[GOAL OF THE EXERCISE] Keep the wording of every entry exactly as it is while leaving the pictures out of your copy.

[DATA UNDER STUDY]
※

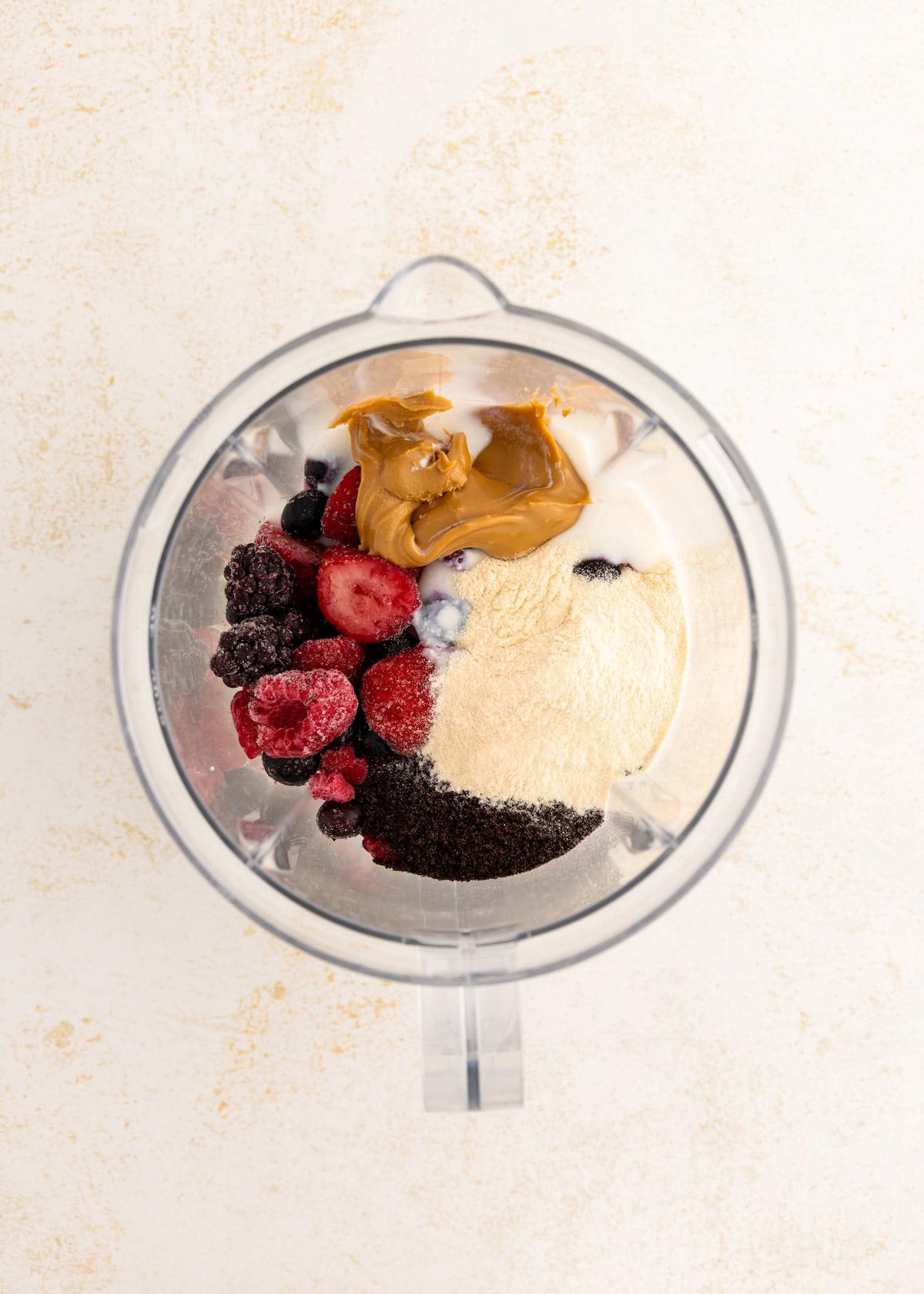 - Add milk, Greek yogurt, protein powder, almond butter, and açaí powder to a blender, then add the frozen mixed berries on top.
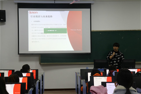 最后,山东秋实翻译有限公司胡威经理向学生介绍公司的业务范围和翻译业务的操作流程,并展示公司的各项翻译成果并分析翻译行业的发展前景。此外,他讲解公证翻译的特点和注意事项,重点强调合格译员的能力与素质要求,提醒学生要提高翻译的基本能力与素养,进一步提高英语听力、理解和表达能力,增强自身的综合素质。
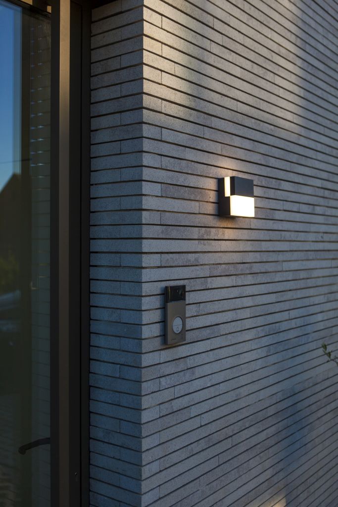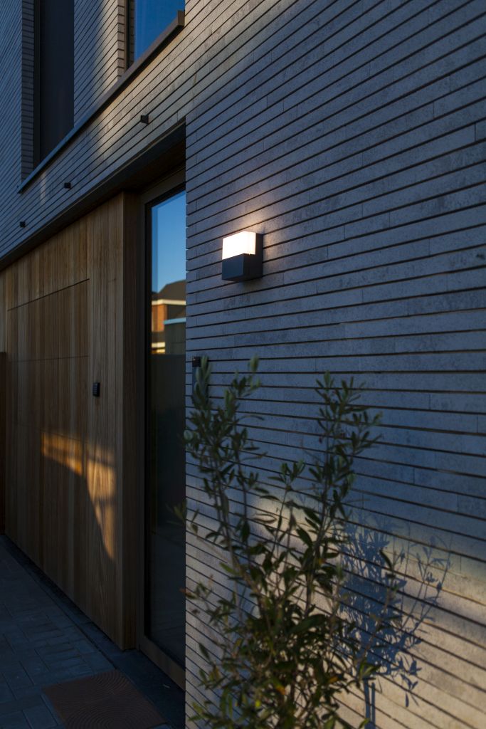 The DOMINO outdoor LED wall light in dark grey features a modern square form with multiple installation and orientation options. It combines a frontal diffuser with up lighting, delivering both functional illumination and a refined appearance for exterior spaces.
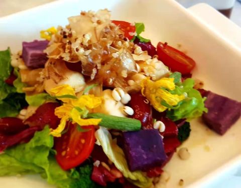 口感层次丰富,颠覆以往主食的概念。脆嫩的黄瓜花,微熟的菠萝切块,让吃草也同样快乐
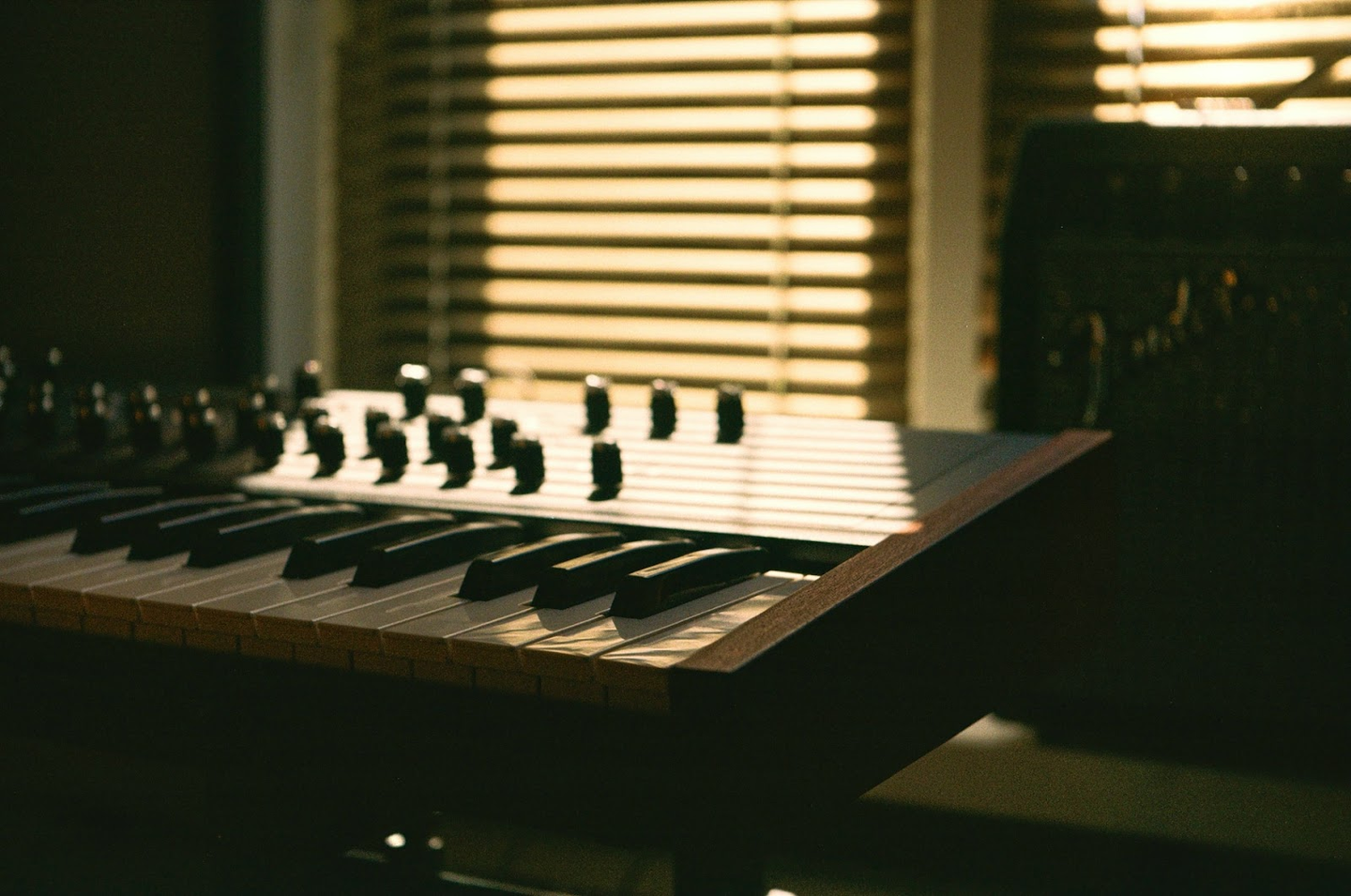 作業をする時はカーテンを閉めることで、音の反射を軽減させています。

※

[RESULT]
 - Add milk, Greek yogurt, protein powder, almond butter, and açaí powder to a blender, then add the frozen mixed berries on top.
 最后,山东秋实翻译有限公司胡威经理向学生介绍公司的业务范围和翻译业务的操作流程,并展示公司的各项翻译成果并分析翻译行业的发展前景。此外,他讲解公证翻译的特点和注意事项,重点强调合格译员的能力与素质要求,提醒学生要提高翻译的基本能力与素养,进一步提高英语听力、理解和表达能力,增强自身的综合素质。
 The DOMINO outdoor LED wall light in dark grey features a modern square form with multiple installation and orientation options. It combines a frontal diffuser with up lighting, delivering both functional illumination and a refined appearance for exterior spaces.
 口感层次丰富,颠覆以往主食的概念。脆嫩的黄瓜花,微熟的菠萝切块,让吃草也同样快乐
 作業をする時はカーテンを閉めることで、音の反射を軽減させています。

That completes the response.